We have 3 x ESXI hosts, hooked up to a NetApp E2824 (4 x SSD cache disks, 20 x 10K SAS - all in a single RAID6 pool).
There are around 55 VMs on this cluster.
The hosts are hooked up to Juniper EX4300 switches with 3 x 1Ggbps adapters, software iSCSI adapter with Delayed Ack disabled.
There are 7 iSCSI LUNs, all backed by this single RAID6 pool.
Average disk write latencies are all low, with frequent spikes of very high values.
Average read latencies are not an issue, presumable because of the SSD cache.
The values below are the average VM disk write latency peaks over 1 hour, per LUN.
LUN 1 - 1 VM, Max avg VM latency: 42
LUN 2 - 3 VMs, Max avg VM latency: 61
LUN 3 - 3 VMs, Max avg VM latency: 22
LUN 4 - 9 VMs, Max avg VM latency: 200
LUN 5 - 11 VMs, Max avg VM latency: 170
LUN 6 - 6 VMs, Max avg VM latency: 137
LUN 7 - 21 VMs, Max avg VM latency: 500
Looking at this data, it would appear that having 21 VMs on a single LUN is creating a lot of write latency, but all LUNs are backed by a single RAID6 array, so I can't see how splitting that LUN into smaller ones will help? Although logically, that is the next step.
Hey, hope you are doing fine
Just some points to bring to the table:
- the Juniper 1Gbps might be a bottleneck
- The ammount of VMs is not the most accurate way to measure IOPS/latency.

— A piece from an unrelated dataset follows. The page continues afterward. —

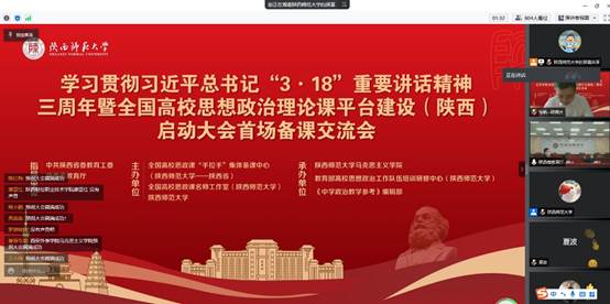 2022年3月19日上午,思政部组织全体思政课教师参加了由中共陕西省委教育工委、陕西省教育厅指导,全国高校思政课“手拉手”集体备课中心(陕西师范大学——陕西省)、全国高校思政课名师工作室(陕西师范大学)、陕西师范大学主办,陕西师范大学马克思主义学院、教育部高校思想政治工作队伍培训研修中心(陕西师范大学)和《中学政治教学参考》编辑部具体承办的“学习贯彻习近平总书记‘3﹒18’重要讲话精神暨全国高校思想政治理论课平台建设(陕西)启动大会首场备课交流会”。
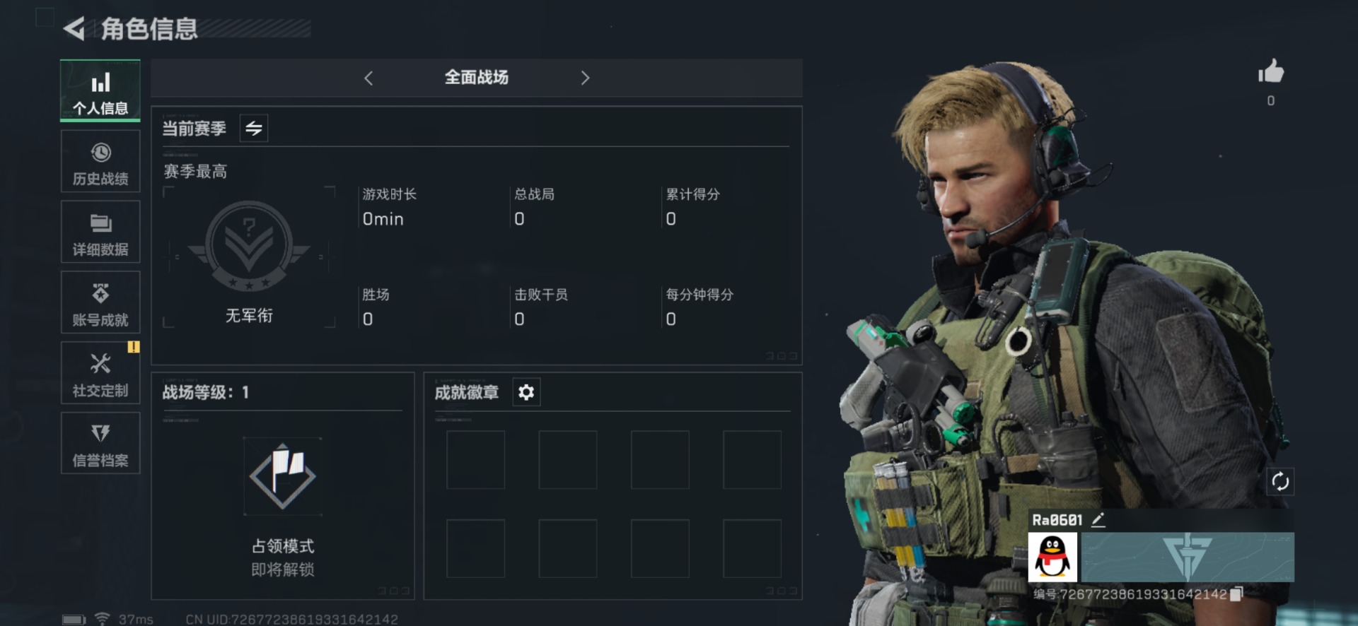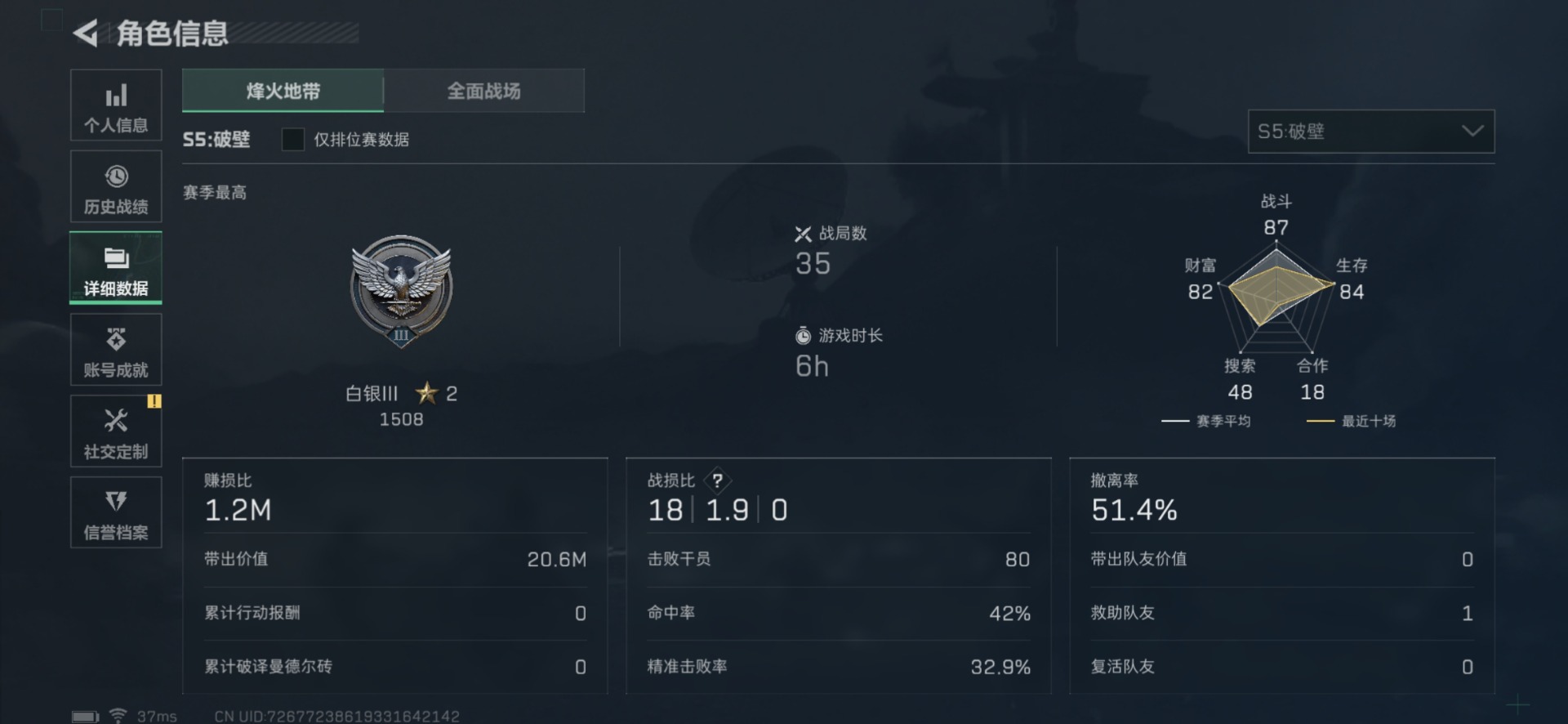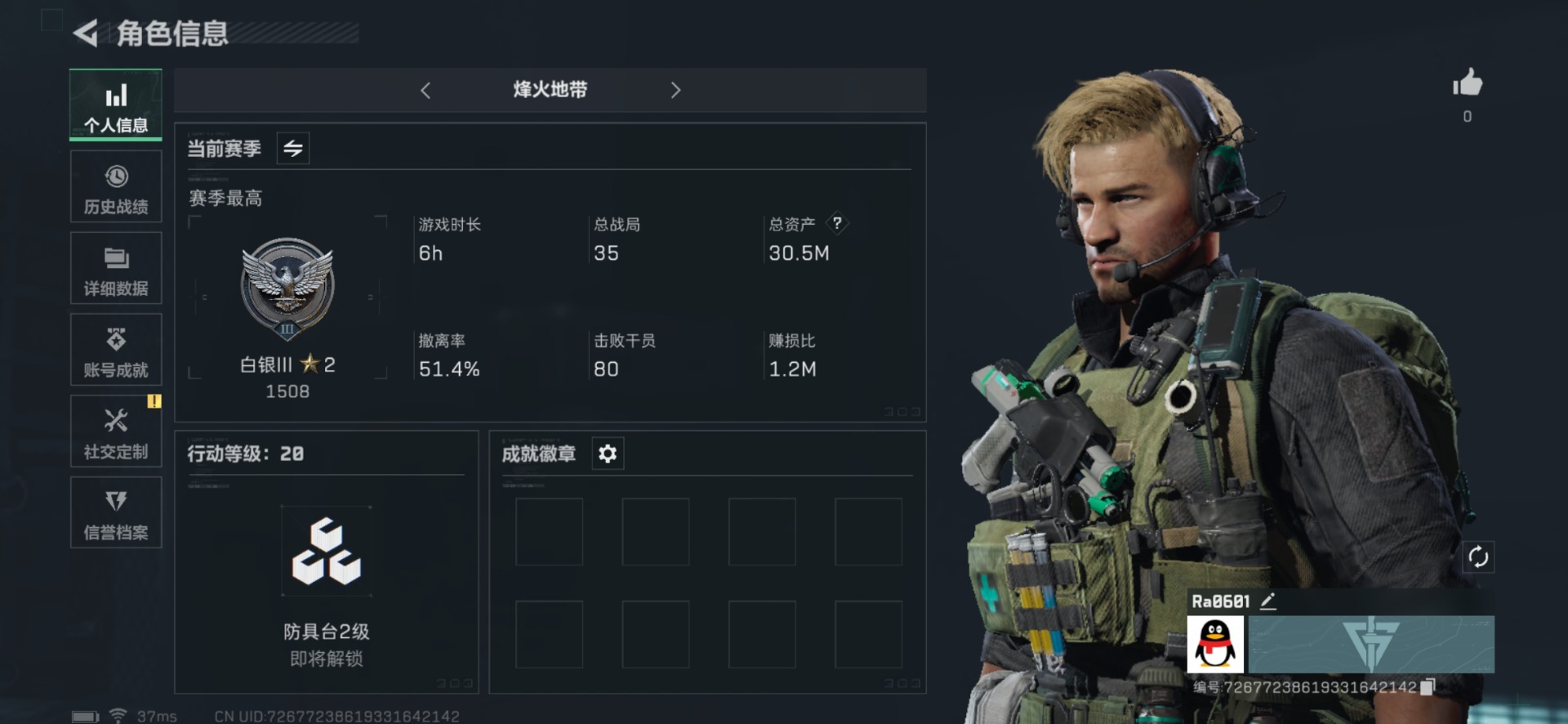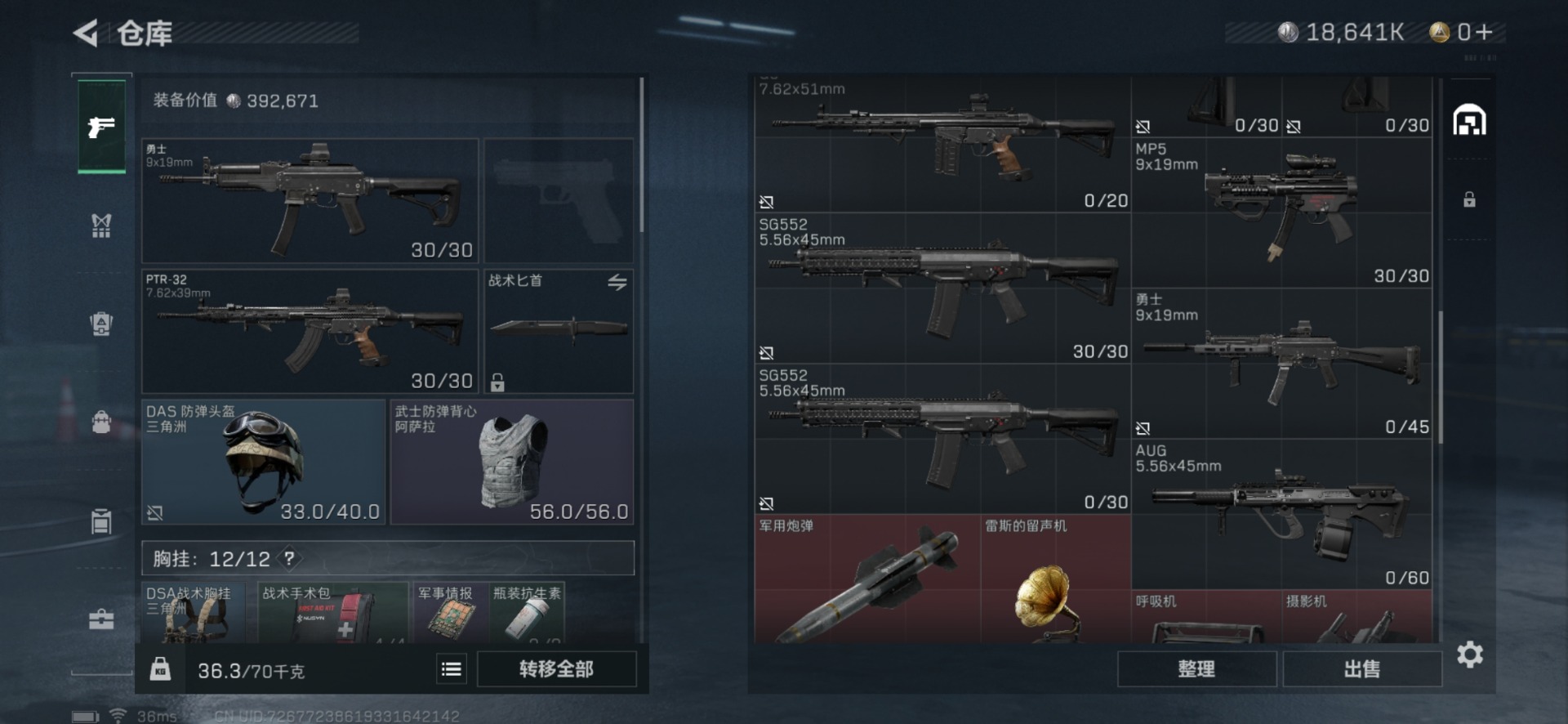 - [11684714]总资产:243.1 1干员外观 0近战传说 6传说枪械 顶级安全箱(3×3)9.15号到期 段位:无段位 可二次 可修改实名 烽火地带段位:钻石 全面战场段位:无段位 哈夫币:147 传说武器皮肤:SCAR-H战斗步枪-水墨云图,AK-12突击步枪-夜鹰,SMG45冲锋枪-骑士,复合弓-黑-天际线,CAR-15突击步枪-阿米娅,M4A1突击步枪-蚀金玫瑰 史诗武器皮肤:AUG突击步枪-蝮蛇,SR-25射手步枪-尖端治疗,AS Val突击步枪-尖端治疗,M700狙击步枪-守夜人,SG552突击步枪-尖端治疗,Ash-12战斗步枪-守夜人,MP5冲锋枪-深海恐惧,勇士冲锋枪-深海恐惧,SG552突击步枪-深海恐惧,AKM突击步枪-林中猎手,M16A4突击步枪-竞赛选手,PKM通用机枪-守夜人,M1014霰弹枪-林中猎手,SR-3M紧凑突击步枪-纷争,SV-98狙击步枪-林中猎手,PTR-32突击步枪-英雄,M250通用机枪-囚徒,SVD狙击步枪-阿萨拉工艺 干员外观:骇爪-水墨云图

Why? You can have 1 or 2 Very IO intensive SQL/Oracle VMs that might place the same load to the array as 5 or 10 VMs
- IOPS and latency are not static values, they can change during the day.
Do you have vROPs Availalbe? Have you checked vCenter Perfcharts
- have you checked HBA Load? using esxtop option d, u and v
I think that the most tactical approach for this would be identifying which are the most IO intensive VMs on that LUN 7 (using esxtop option d, u and v) and balance load across LUN 5, 6 and 7
Also, if possible (and licencsing allows that) consider enabling Storage DRS and creating a Storage Cluster
If you have any doubt or i was not clear please let me know, i will gladly help you.
Warm regards